Baked Asparagus with Almond-Cheese Sauce
This asparagus casserole recipe came from my mother. She made it for special occasions, as I do now. It is a quick, easy and absolutely delicious side dish for a family dinner or entertaining. It also is very good for a potluck event. I always use a white cheddar cheese, such as Vermont extra-sharp, but you can use what you prefer or have on hand.

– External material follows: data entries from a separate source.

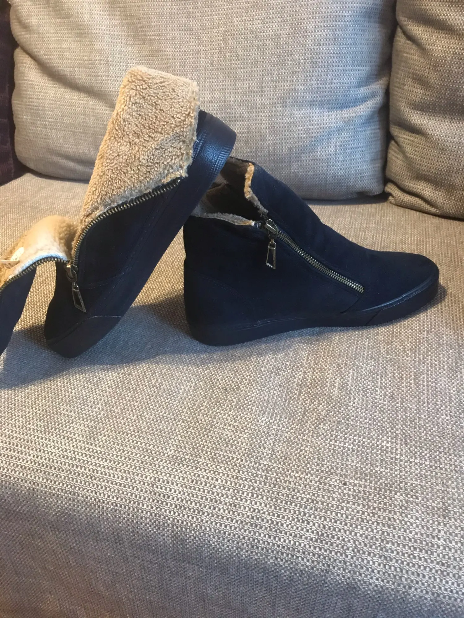 ботиночки шикарные! продавец помог и вовремя подсказал что на 36 нужен 38 .такие же как на фото . замшевые мягкие удобные ! упакованы были очень хорошо доставка быстрая две недели .Я в восторге отдельное спасибо АлиЭкспресс моему продавцу ! рекомендую всем!
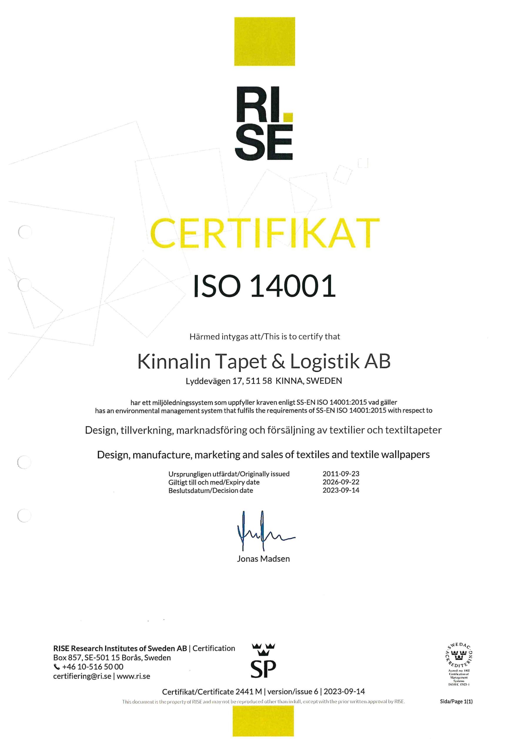 Givetvis är vi certifierade enligt ISO 14001 och har varit så under lång tid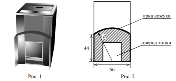 Печь снабжена кожухом вокруг дверцы топки. Верхняя часть кожуха выполнена в виде арки, приваренной к передней стенке печки по дуге окружности с центром в середине нижней части кожуха (рис. 2). Для установки печки хозяину понадобилось узнать радиус закругления арки R. Размеры кожуха в сантиметрах показаны на рисунке. Найдите радиус закругления арки в сантиметрах.

- 1-1/2 pounds fresh asparagus
- Salt to taste
- 4 tablespoons butter, preferably unsalted
- 1/2 cup soft bread cubes
- 2 tablespoons all-purpose flour
- 1 cup milk
- 1 cup shredded extra-sharp white cheddar cheese
- 1/2 cup toasted slivered almonds (see notes below)
- Pepper to taste
Preheat oven to 350° F. To prepare asparagus, wash, remove tough ends, and cook in lightly salted water until tender. Drain thoroughly and arrange in a lightly buttered baking dish.
Melt the butter in a small saucepan over medium heat. Add 2 tablespoons of the melted butter to the bread cubes; mix well and reserve for later. Reduce the heat to low and add the flour to the remaining butter in the saucepan; stir until well blended, about 2 minutes. Add the milk and cook, stirring, until smooth and thickened. Stir in the cheese, almonds, and pepper to taste. Pour the sauce over the asparagus and top with the reserved bread cubes. Bake for 20 minutes or until bubbly. Serve immediately or cover with foil and keep warm until needed.
Notes: The almonds can be toasted in the oven while it is preheating or in the dry saucepan before melting the butter and making the sauce.